Reprobates and Christians cannot live in peace with one another because they are at war. Both are today quickly becoming “epistemologically self-conscious,” and the war is getting out of control. Christians have been asleep. We did not see what was coming. American Christians currently are in a self-esteem stupor while our nation drifts toward something worse than Sodom, and while the people are being pacified with bread and circuses.
Not everyone reading this is presently mandated to attend gay celebrations at work. Not everyone must take an oath to uphold CRT. Not everyone is required to pledge allegiance to the rainbow flag. Not everyone has lost their income because of their commitment to the teaching of the Word of God. However, you should realize that they may be coming for you and your children next.
Lastly, we must also understand that where men hate God’s Law, they only bring judgment upon themselves. “All those who hate me love death” (Prov. 8:36).

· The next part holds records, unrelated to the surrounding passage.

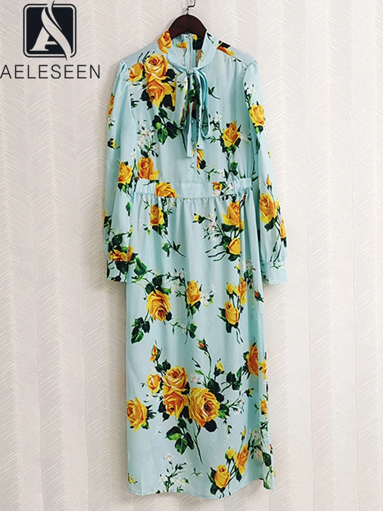 AELESEEN модное подиумное Элегантное Длинное Сицилийское платье весна-лето 2022, женское синее платье с цветочным принтом и поясом, вечерние платья для отдыха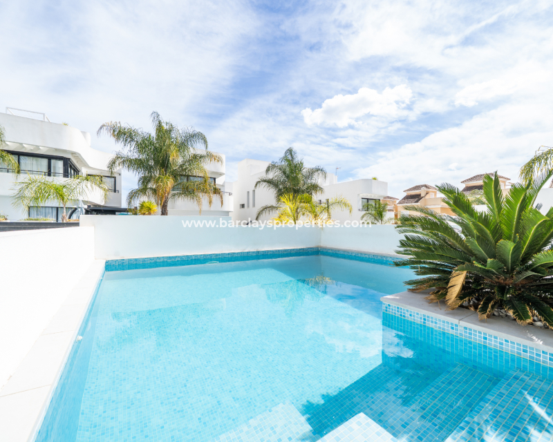 Gelegen in Urbanisatie La Marina, biedt deze prachtige, moderne vrijstaande “Nimbus” villa met 3 slaapkamers en 3 badkamers stijlvol wonen met gemak binnen handbereik. Slechts 10 minuten lopen van voorzieningen en een korte rit van vijf minuten naar het strand, het is perfect gepositioneerd voor zowel ontspanning als dagelijks gemak, wat het de perfecte permanente woning of luxe vakantiehuis maakt.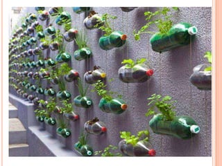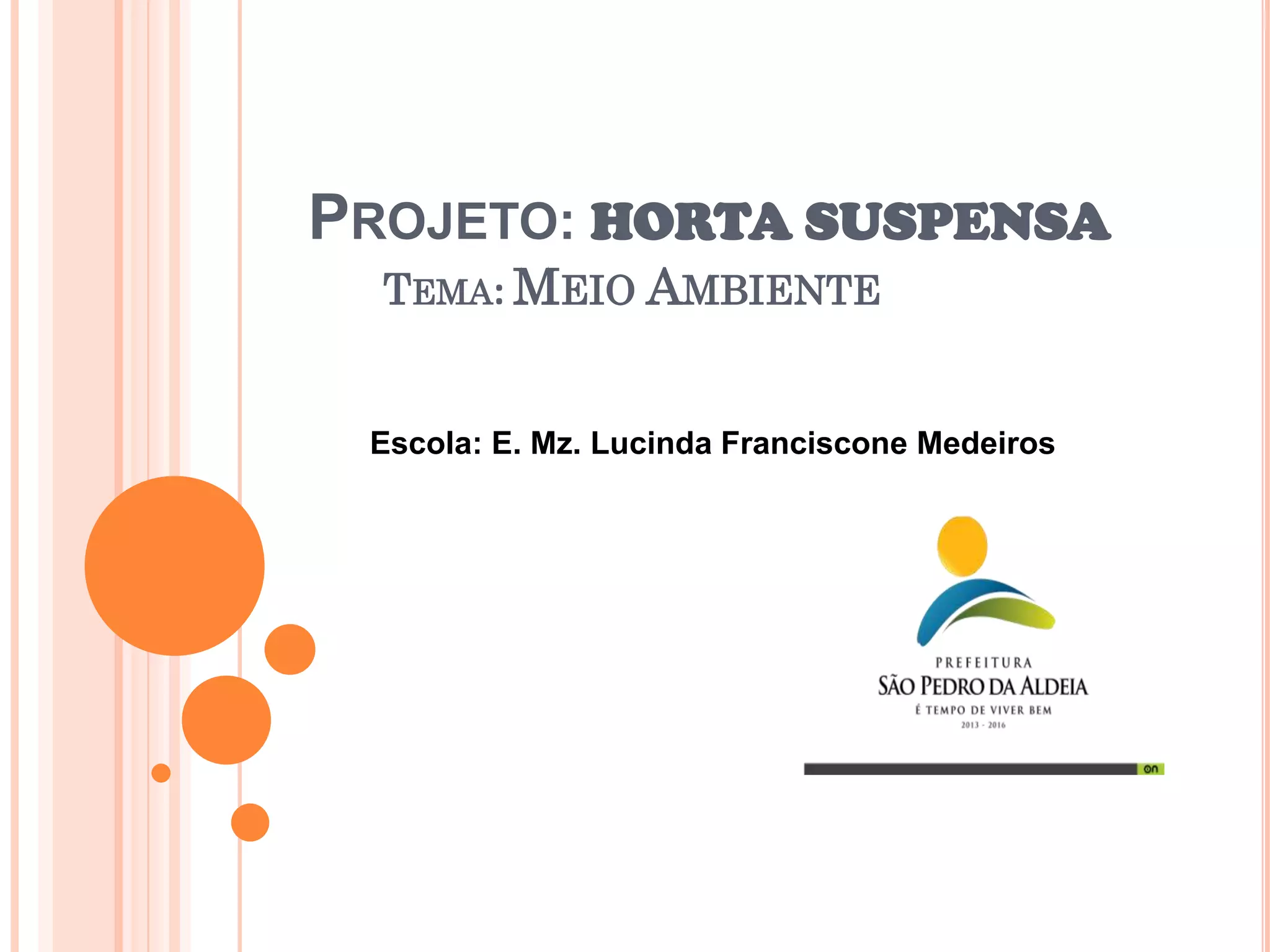O documento descreve um projeto de horta suspensa em uma escola para promover educação ambiental e alimentar. O objetivo é estudar questões ambientais e nutricionais, estimular uma alimentação saudável cultivando produtos orgânicos, e intercambiar conhecimentos. Alunos do 6o ao 9o ano irão diagnosticar conhecimentos, preparar vasos, plantar mudas, e realizar pesquisas sobre solo, nutrição e receitas.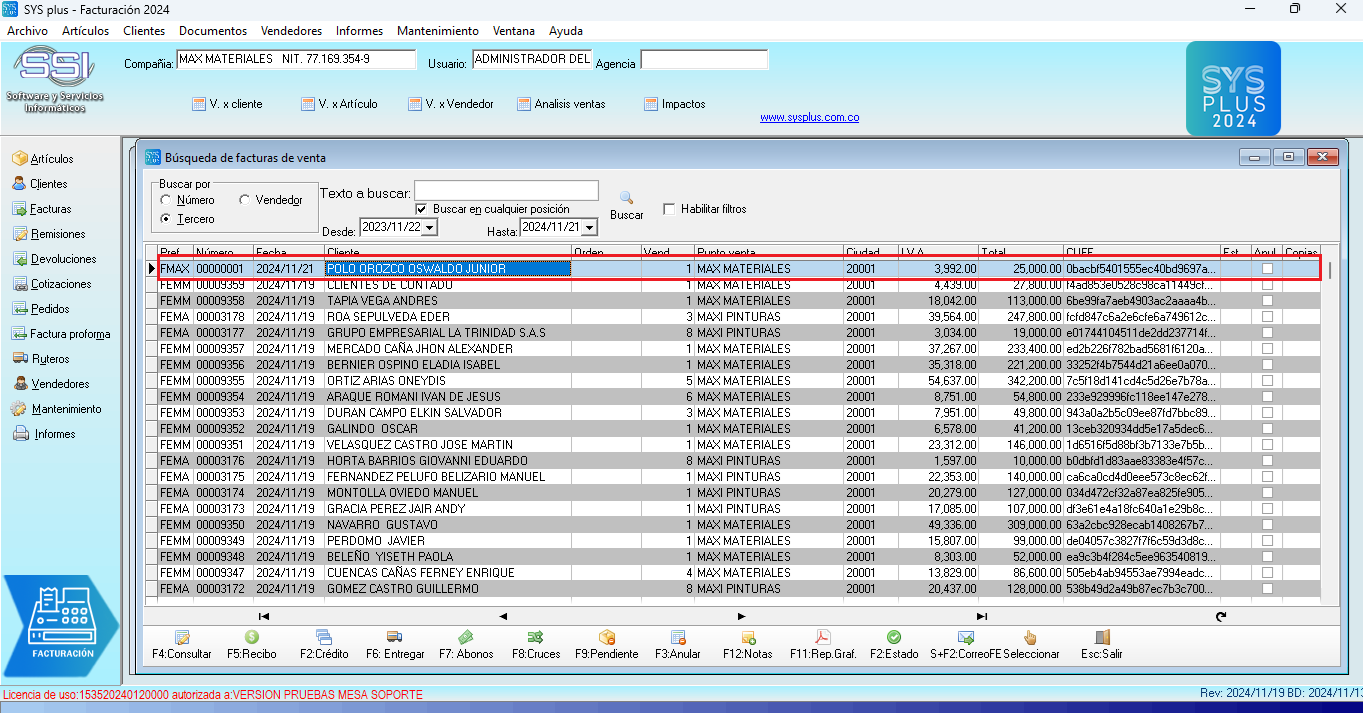 Luego de esto se procede hacer de nuevo el envió de la factura la cual viajara sin problema y generando correctamente su cufe.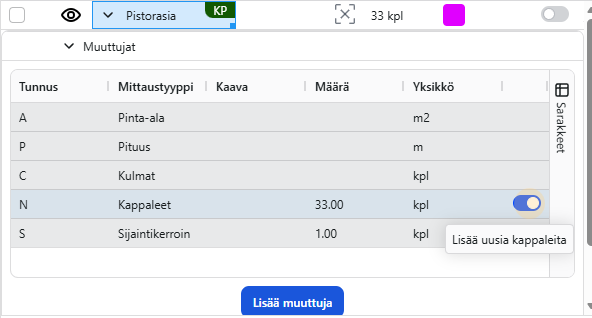 Ne ilmestyvät Mittausluetteloon valitulla nimellä ja värillä
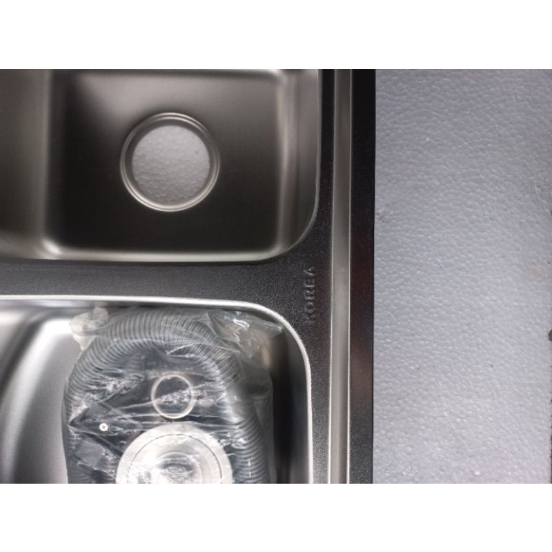 Phía sau chậu có 1 lớp màu đen sơn tĩnh điện chống axit ăn mòn, chống tiếng ồn khi rửa bát va vào chậu
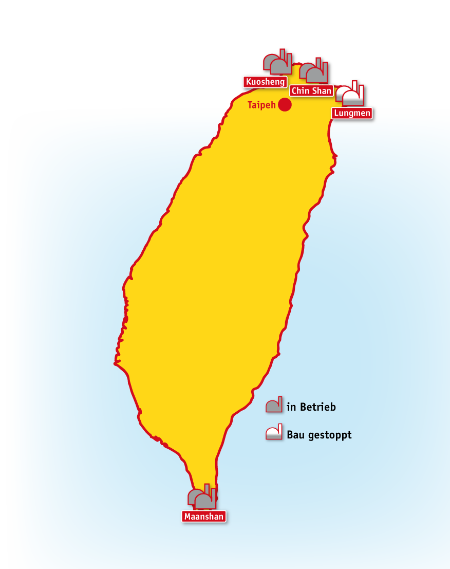 Schon in den 1990er-Jahren gab es zahlreiche Proteste, die in den Jahren nach Fukushima wieder aufflackerten. Damals fiel auch die Entscheidung, das AKW Lungmen vorerst nicht anzufahren. Der staatliche Energieversorger und AKW-Betreiber Taipower, der 20 Jahre an der Anlage gebaut und sie mit Gerichtsverfahren und Lobby-Kampagnen durchgesetzt hatte, fürchtete daher nichts so sehr wie einen Wahlsieg Tsais. Das Unternehmen hat nun siebeneinhalb Milliarden Euro in ein neues Kraftwerk investiert, das nie Strom herstellen wird.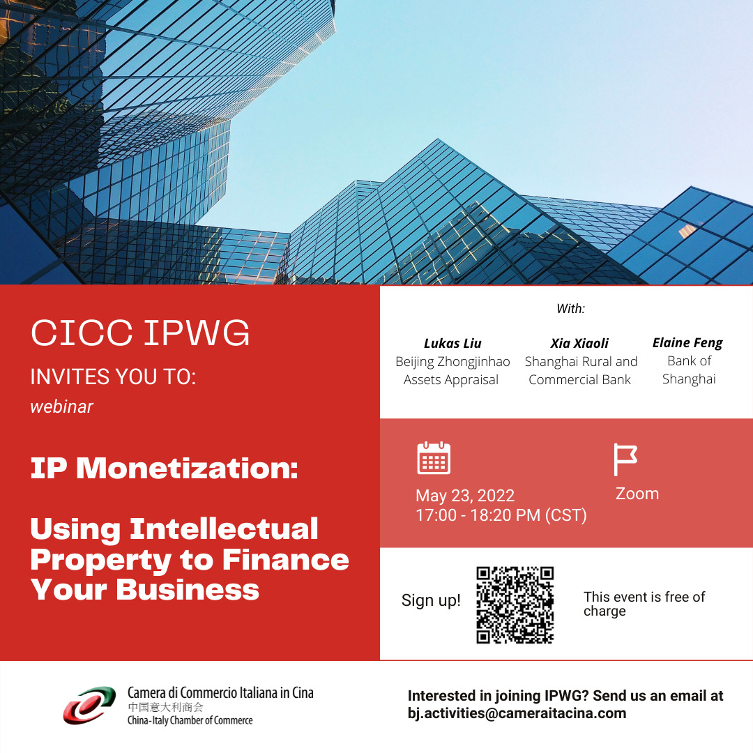 The China-Italy Chamber of Commerce (CICC) with its Intellectual Property Working Group (IPWG) invites you to join our online roundtable “IP Monetization: Using Intellectual Property to Finance Your Business”, on May 23rd at 5:00 pm (Beijing time).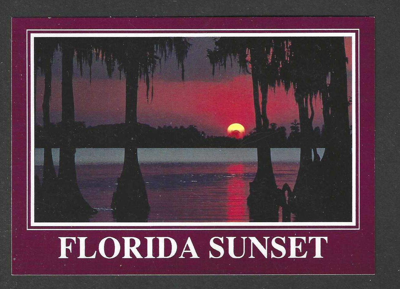 Cypress trees and Spanish moss are depicted here over the tranquil waters of a subtropical Florida sunset.Did you forget to purchase this card while visiting Florida.?

America is in a crisis today. The evangelical church is in shambles. In addition to expository sermons, preachers need to supplement their preaching by adding a few sermons on the issues of the day like Neo-Marxism, CRT, and inflation. I would not say this unless I had done it myself. Our culture is in decline and the pulpit is still holding onto the sacredness of the natural law, and a faulty view of the separation of Church and State. Instead of sending our people out the door each week to be more than conquers, I am afraid we are sending them out to be doormats for Jesus.
Apart from a Reformation inside the church, the sins of America will probably grow exponentially over the next few years. Expect nothing but an increase in sex outside of marriage, homelessness, depression, drug abuse, and tyranny by civil magistrates. God may soon judge our nation in a more dramatic fashion in real time and space. Older Christians such as I may escape, but may God have mercy on our children and grandchildren.
God save us not only from our real enemies who are outside of Christ, but also from our brothers and sisters inside the church who are bewildered, and who like my grandfather, still go to the outhouse, when something much better is available. Natural law worked in ages past, but today we must preach the crown rights of Jesus Christ over all of life.
Larry E. Ball is a retired minister in the Presbyterian Church in America and is now a CPA. He lives in Kingsport, Tenn.